RSoC: Implementing ptrace for Redox OS - part 5

By jD91mZM2 on


This week I’ve decided to skip trying to get GDB working for now (there are so many issues it’ll take forever to solve them), and instead decided to finally give focus to the final concerns I had about ptrace. Most changes this week was related to getting decent behavior of child processes, although the design feels… suboptimal, somehow (not sure why), so I feel I must be able to improve it better later.

Another change was security: Tracers running as a non-root user can now in addition to only tracing processes running as the same user, only trace processes that are directly or indirectly children of the tracer. In the future this can easily be allowed with some kind of capability, but currently in Redox there isn’t a capability-like system other than the simple (but really powerful) namespacing system which sadly I don’t think can be used for this.

Catching child processes with ptrace

The first and most pressing issue was that there needed to be a way to catch child processes (also threads, Redox makes no distinction) from ptrace. It should be possible to both stop the child process, or let it keep running uninterupted.

My design revolves around an event system: When a child process is created it sends an event with the PID, as well as pauses the child until we’ve determined if we want to trace it. Events interrupt any wait, but returns Ok(0) to signify that the breakpoint may not have been reached yet. Then one can read from the proc:<pid>/trace file handle to obtain a few events at a time, which will also clear them. Setting a breakpoint while an event is not yet read, will not wait for that breakpoint to be reached, but rather return Ok(0) immediately.

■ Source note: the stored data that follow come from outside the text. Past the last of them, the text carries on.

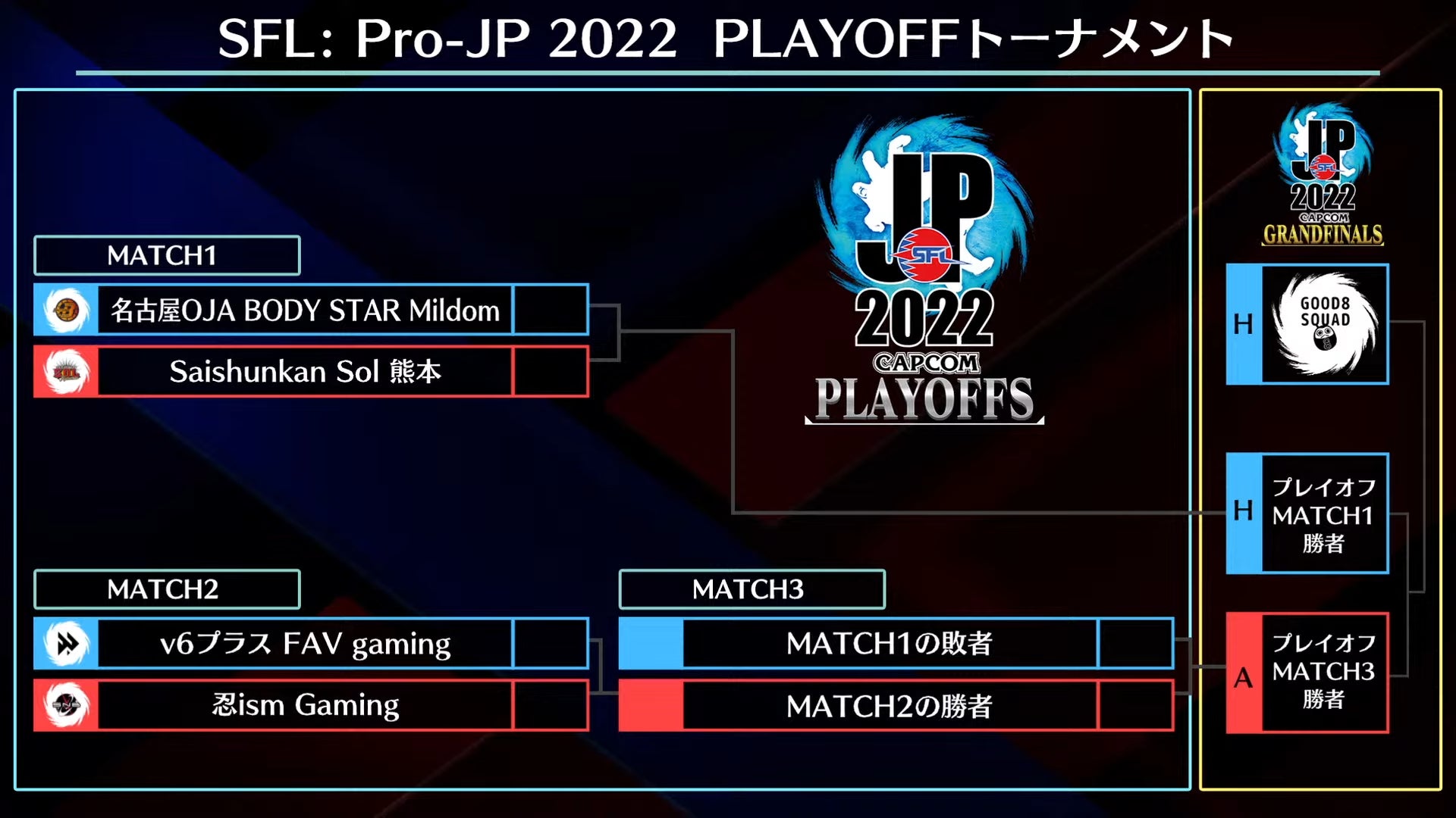 「ストリートファイターリーグ: Pro-JP 2022」リーグ本節終了後、本節2位から5位のチームが「プレイオフ」へ進出、さらに「プレイオフ」を勝ち上がった上位2チームと、本節1位のチームが決勝大会である「グランドファイナル」へ進出し、2022年シーズンの優勝と、総額800万円の賞金を懸けて激突します。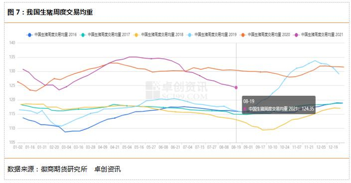 作为从业者情绪的“晴雨表”的生猪交易均重,自5月初开始一路下滑,截至8月19日,全国生猪平均交易体重124.35公斤,环比跌0.61%,同比跌4.44%,体重带来的供给压力有所减轻,但相比2019、2018、2017、2016年,依然处于高位。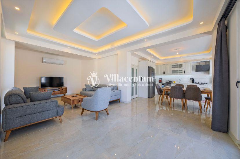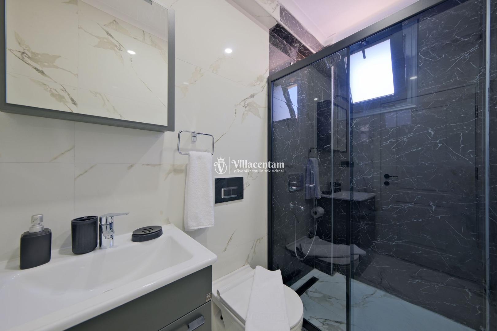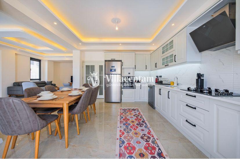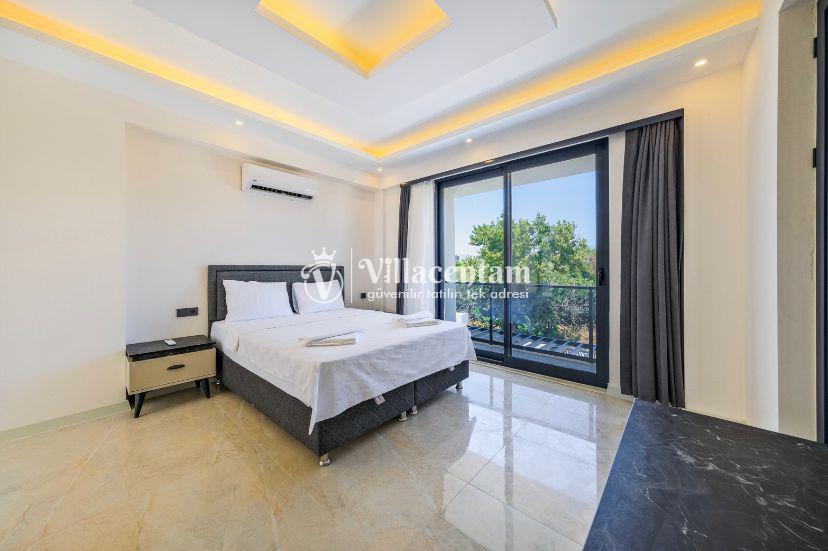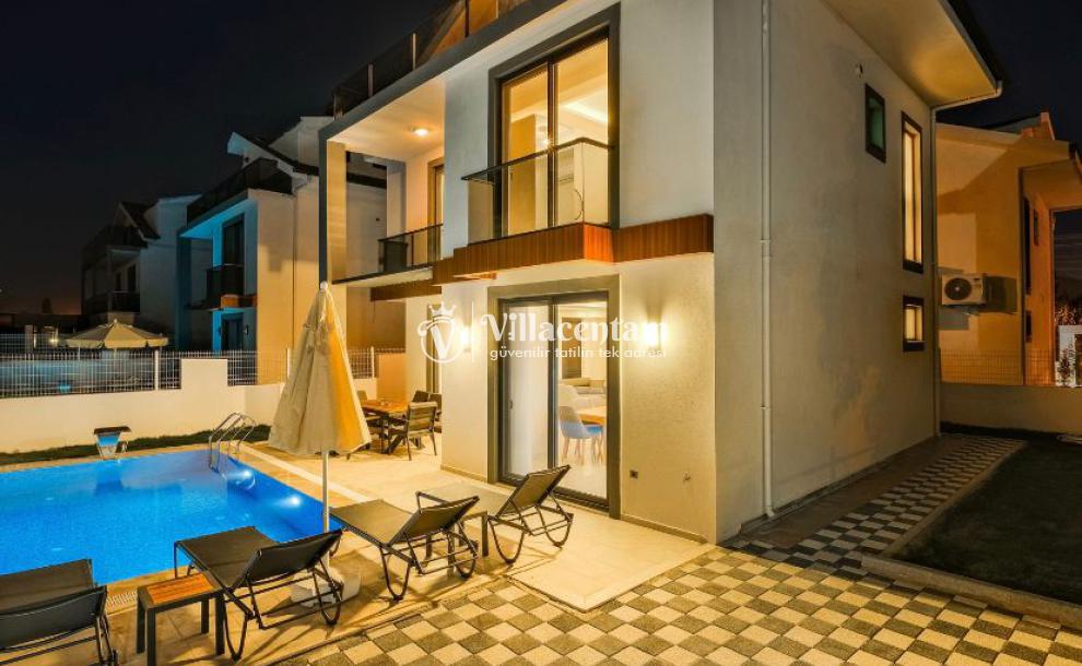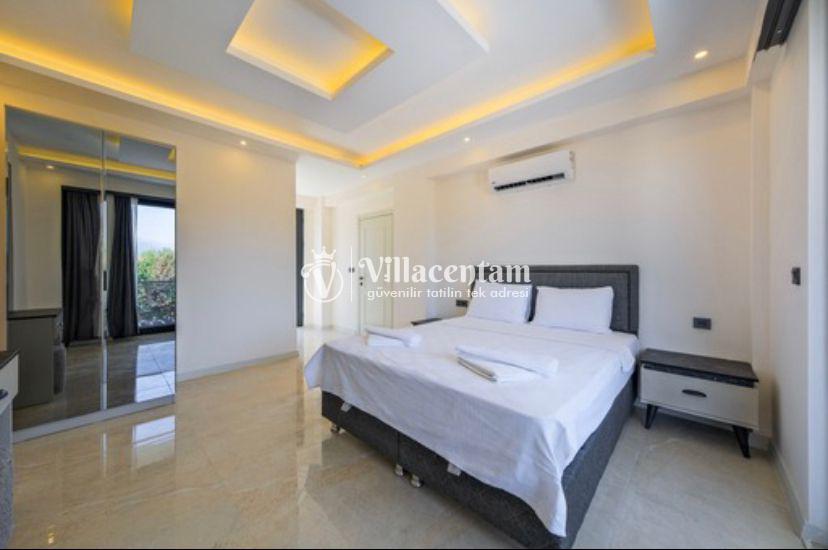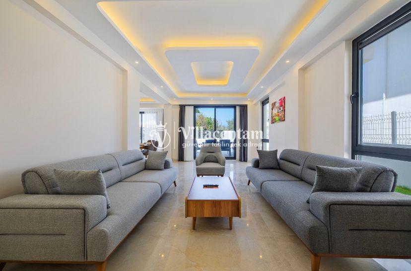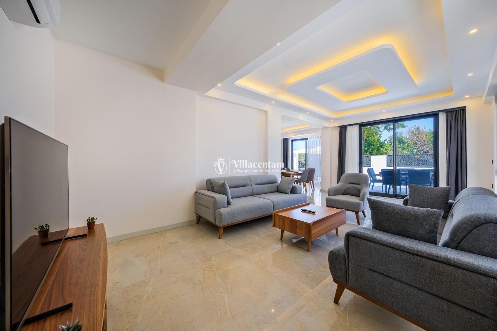 Villa içi ferah ve aydınlık yaşam alanlarına sahip olup, her yatak odasında ebeveyn banyosu bulunur; bu da konforlu ve özel bir konaklama imkanı sağlar. Geniş salon ve tam donanımlı mutfak, tatilinizi evinizdeymiş gibi geçirmenize yardımcı olur.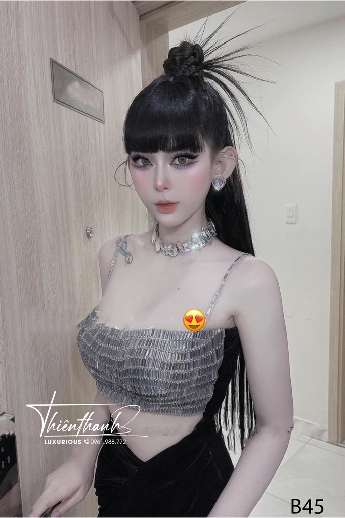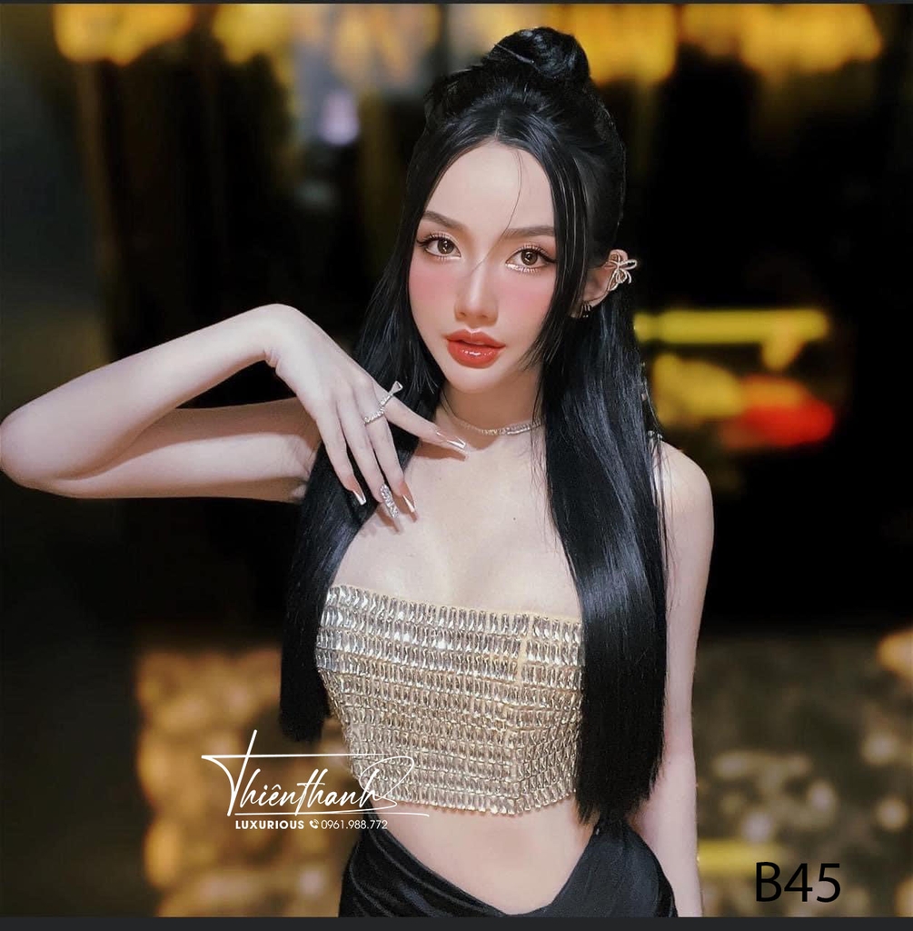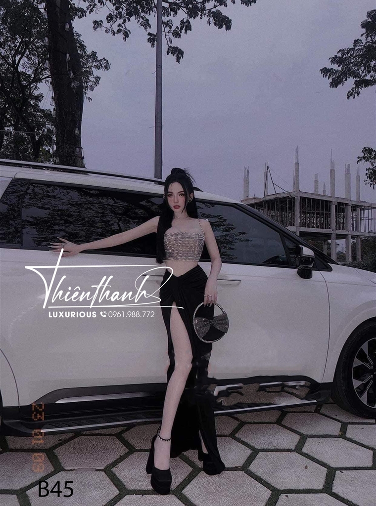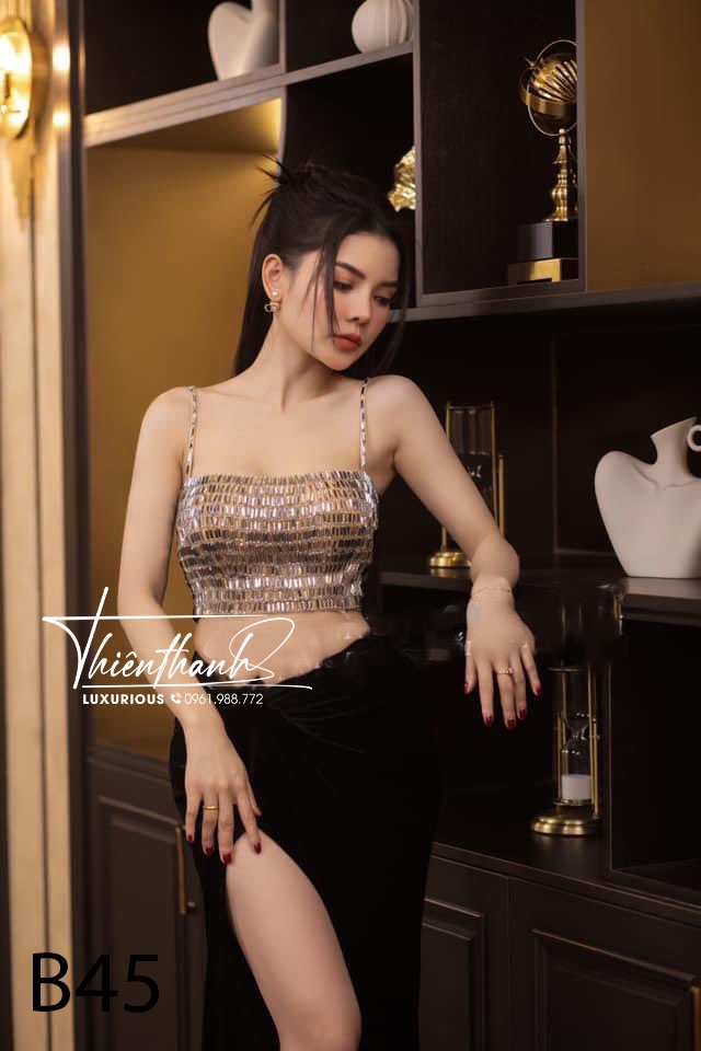 Đầm TK Dài Hai Dây Khoét Bụng Đính Đá Xẻ Tà

With this design, you will be able to write code like this:

let mut written = tracer.write(&[PTRACE_SYSCALL])?;
while written == 0 {
    let mut event = PtraceEvent::default();
    // Assert we read exactly one event, as we know there must be at
    // least one because of `written == 0`, and we only have storage
    // for one event (room for optimization: you *can* read more at
    // once)
    assert_eq!( event)?, mem::size_of::<PtraceEvent>());

    // TODO: Handle event

    // Retry the wait, the tracer is still running at this point and
    // may or may not have reached the breakpoint we set.
    written = tracer.write(&[PTRACE_WAIT])?

The implementation was actually quite simple, which was actually somewhat of a goal for this design! (Redox is a microkernel, remember?)

Events are sent to a VecDeque that handles them. If the queue was previously empty, send a EVENT_READ notification to the event: scheme. Either way, notify the tracer file handle waiting for a breakpoint to be reached.

I love the WaitCondition structure, it makes blocking and notifying so easy :)

Here you can see the code

Catching signals

Another change I made was related to signals. It’s tricky to come up with a design that just feels right, and I didn’t really succeed here. Let’s start with the critera though. I’m not very used to ptrace so I am far from an expert in even the simple task of giving criteria, but I’ll start with the most basic: The design has to be able to trace system calls and instructions ran in signal handlers. The design also has to be able to obtain the actual signal number, as well as run the program normally up to a signal.

My design is requires 2 new constants:

Turns out these simple criteria are still pretty tricky to meet for two reasons

Firstly, as a signal may happen inside a syscall, they will break the unwritten rule that each syscall will raise 2 breakpoints in order. If we take the example above about a program killing itself, we’ll see the following behavior

(pre-)syscall: SYS_KILL
(pre-)syscall: <inside the signal handler>
(post-)syscall: <inside the signal handler>
(pre-)syscall: SYS_SIGRETURN
(post-)syscall: SYS_KILL

This is annoying mostly because the program can’t actually detect whether it’s the event is pre or post syscall. So it’ll have to make an intelligent guess using the signal event, which I guess could work. But this is suboptimal and I have yet to solve this somehow.

Secondly, it is possible, nay, probable that a signal is handled using either SIG_DFL or SIG_IGN. Both of these are handled in the kernel, and should probably not let you control. Plus, even I wanted to allow this, the current way of setting breakpoints only works on user-triggered syscalls (which is probably for the best). So no signal breakpoint will be caused then, only a signal event. And you can’t abort the signal.

Related code for signal handling (simple!)

I think something to set as a goal with signals is to hit two birds with one stone and use them for handling the int3 instruction which is used by debuggers to set breakpoints. That instruction causes a SIGTRAP signal, something which I think could be used. Somehow there has to be a way to inject code into a program (on Linux you search memory maps for free space and inject machine code there, see this awesome article)

Once again, I’d be extremely thankful for any kind of feedback, even negative. I’ll go read the Linux man page on ptrace a few times now - we’re at that point.